Арсеньев, неподвижно лежа на кровати, грезил с широко открытыми глазами, уставленными в потолок. Он видел удивительные картины, живые образы того, что он обнаруживал в шахтных ходах и выработках, о чем он беседовал с Гилиным. Это были пронизанные ископаемым льдом пласты вечной мерзлоты, безгранично раскинувшиеся вокруг их города, их сменяли волнуемые ветрами черные тундровые озера — дно озер выстилали талики, — потом все превращалось в подземные штольни с их сверкающим на крепи и породе инеем. На стене одной из штолен висел покореженный массивный пускатель, под ним на земле валялся человек, старик, с размозженным черепом, другой, юноша, почти мальчик, судорожно хватал руками воздух, кричал отчаянным безмолвным криком, звал в нестерпимом страдании помощь, которая не пришла. А затем эти страшные фигуры стирались и их место занимали новые люди, целые толпы людей, торопившихся на работу, в штреки, бремсберги и гезенки, — может быть, к подстерегавшей их грозной, непостигаемой смерти. Но чаще всего это была рудная жила, золотистая змея, струившаяся среди горных пород, словно поток света в черной ночи. Мысль Арсеньева непрерывно возвращалась сюда, к этой странной картине. Сперва это был только образ — цвет и линия, больше ничего. Потом цвет и линия стали словами, слова растянулись в предложения, предложения сложились в стройную теорию. Смятение охватывало сдержанного Арсеньева. Он знал уже, что подошел к самому порогу открытия, еще шаг — и открытие совершится. И когда оно произойдет, ослепительный свет зальет мрачную черноту катастрофы, все станет на свои места. И зловещая, неотвратимая опасность — сейчас перед ней они все бессильны — будет устранена с легкостью, как пустяк, два-три предостережения, два-три часа работы монтера и слесаря…

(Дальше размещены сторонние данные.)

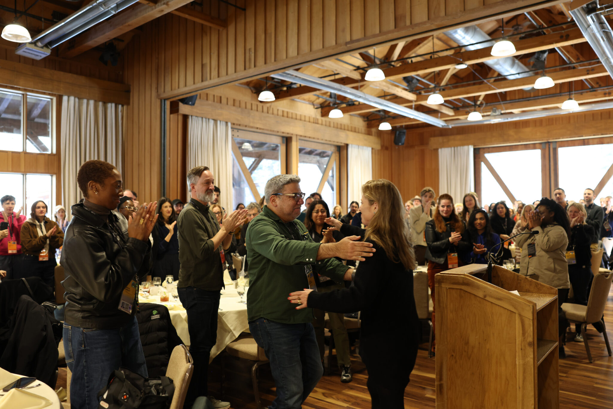 Laughter fills the rehearsal space in the resort where the brunch is being held. After grabbing food and finding new community, the room settled to hear remarks from Amanda Kelso, Eugene Hernandez, Kim Yutani, and Amy Redford. As Redford spoke about her father and the history of this event at the resort, you could feel the emotion in the space. She spoke confidently and kindly about how all of these storytellers already made it because they are creating art and sharing their voices. Tears were flowing from alums like Barbara Kopple and Rory Kennedy, as well as first-timers like Everybody to Kenmure Street’s Felipe Bustos Sierra.
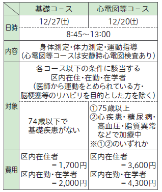 健康センターで運動をするためには、基礎コース又は心電図等コースへの参加が必要です。
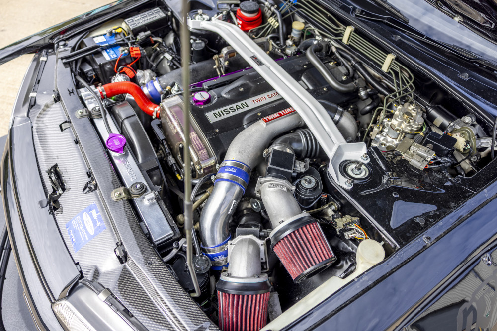 Under the bonnet, this RB26DETT is all killer, no filler. Think uprated HKS turbos, HKS race cams, HKS fuel rail/injectors, A’PEXi Power Intake, front-mount intercooler, Mishimoto radiator & oil cooler, Fujitsubo Legalis exhaust with decat, and a Link G4 ECU delivering launch control and anti-lag—mapped for a healthy 550bhp. It’s old-school turbo drama with modern reliability; tidy touches like a carbon slam panel and Ultra Racing brace keep the bay purposeful, not flashy.
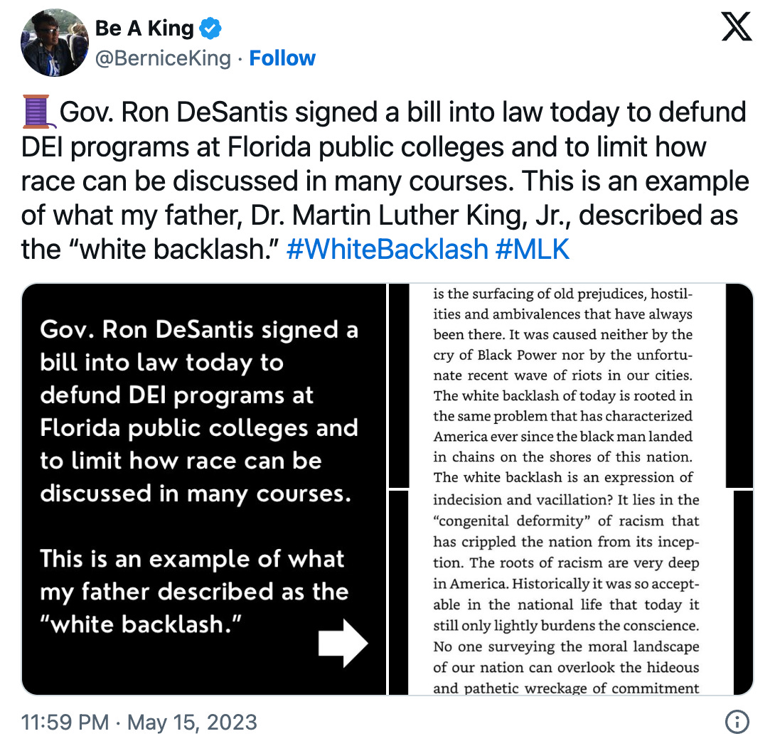 For years, Bernice King, Dr. King’s daughter, has asked racists not to quote her father to justify their white nationalist propaganda and agendas. She has called out both Ron DeSantis and Ted Cruz for their abuse of her father’s name while espousing racism, to no avail or apology.
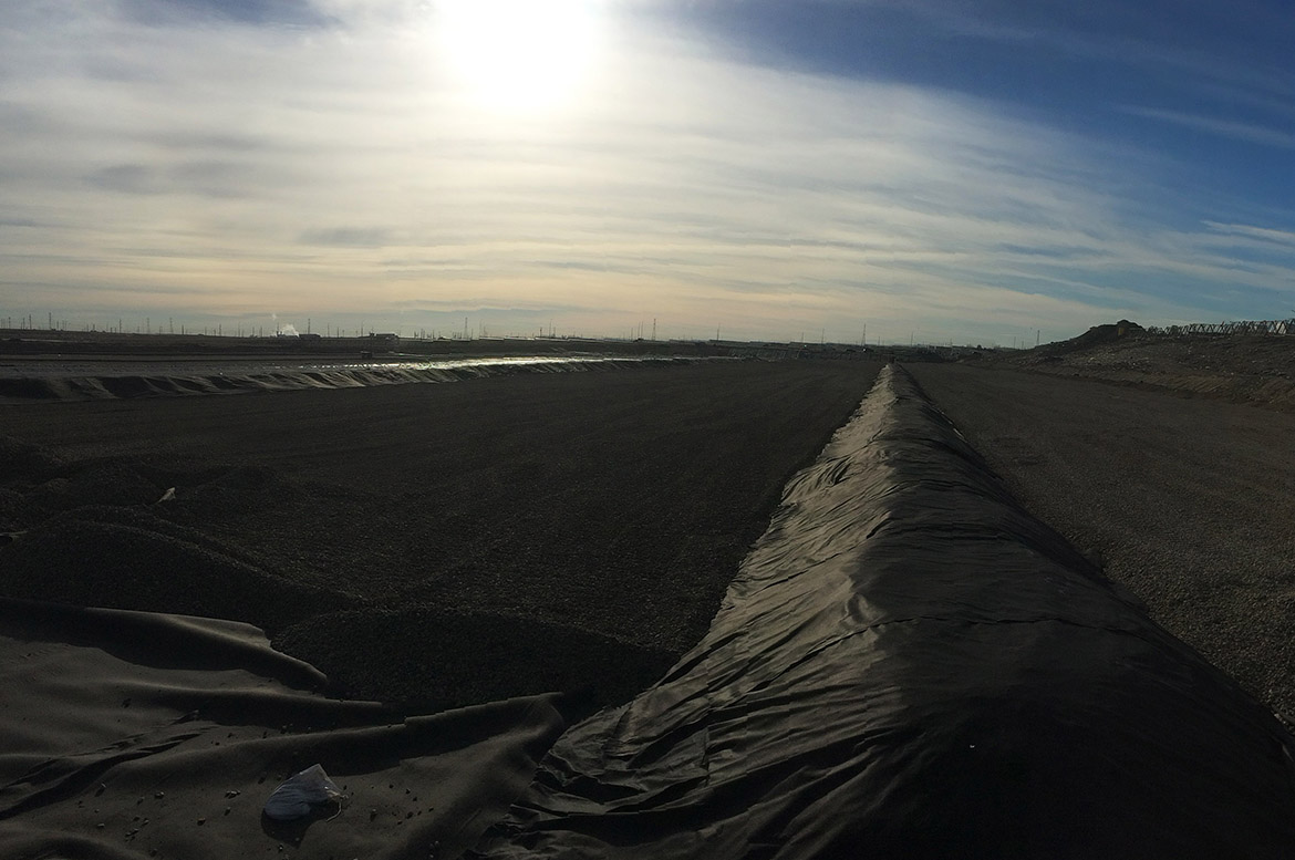 Dipole method electrical leak location survey over approximately 30,000 m 2 . The survey was performed on the site’s covering gravel layer, in order to detect leaks produced during the installation of the covering material.
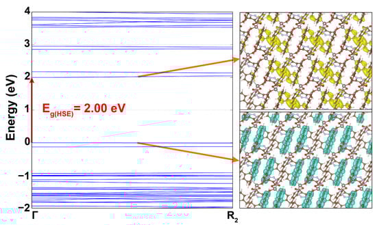 The computational methodology employed in this study involves density functional theory (DFT) [,] calculations implemented within the Vienna Ab initio Simulation Package (VASP) [,,,]. The potentials for all constituent elements of the MOF molecule were described using the projector augmented wave (PAW) method [,]. The exchange-correlation potential was approximated using the Perdew, Burke, and Ernzerhof (PBE) functional within the generalized gradient approximation (GGA) []. To correct the underestimated electronic band gaps resulting from the GGA-PBE, the Heyd–Scuseria–Ernzerhof (HSE06) hybrid functional was employed [,]. The HSE06 functional incorporated 25% nonlocal Fock exchange, 75% PBE exchange, and 100% PBE correlation energy. A plane-wave basis set with an energy cutoff of 500 eV was used for the calculations. The Brillouin Zone (BZ) was sampled using a Γ-centered 5 × 5 × 5 uniform k-point mesh generated through the Monkhorst–Pack scheme []. Periodic boundary conditions were applied along the x, y, and z axes. The atomic positions were optimized using the conjugate gradient method until the forces on each atom converged to less than 0.01 eV/Å. The convergence criteria for the electronic and ionic steps were set to 10−6 eV and 10−5 eV, respectively. A Gaussian smearing factor of 0.05 eV was utilized. To explore the optical response of the MOF, the frequency-dependent imaginary dielectric function (ε2(ω)) was examined using the independent-particle approximation (IPA) []. The Kramers–Kronig transformation was applied with a complex shift of 0.01, and the total number of bands was increased to 560.

Арсеньев остался верен себе, он облекал в логически совершенные формулировки явившиеся ему мысли, менял и оттачивал эти формулировки, добивался их предельной точности. В один из дней он позвонил Мациевичу и попросил консультации. Это была его первая просьба о встрече. Они сидели один напротив другого, подтянутые и серьезные, внешне похожие и внутренне разные. Мациевич вежливо ожидал вопросов, Арсеньев не торопился их задавать — он все снова проверял их в уме.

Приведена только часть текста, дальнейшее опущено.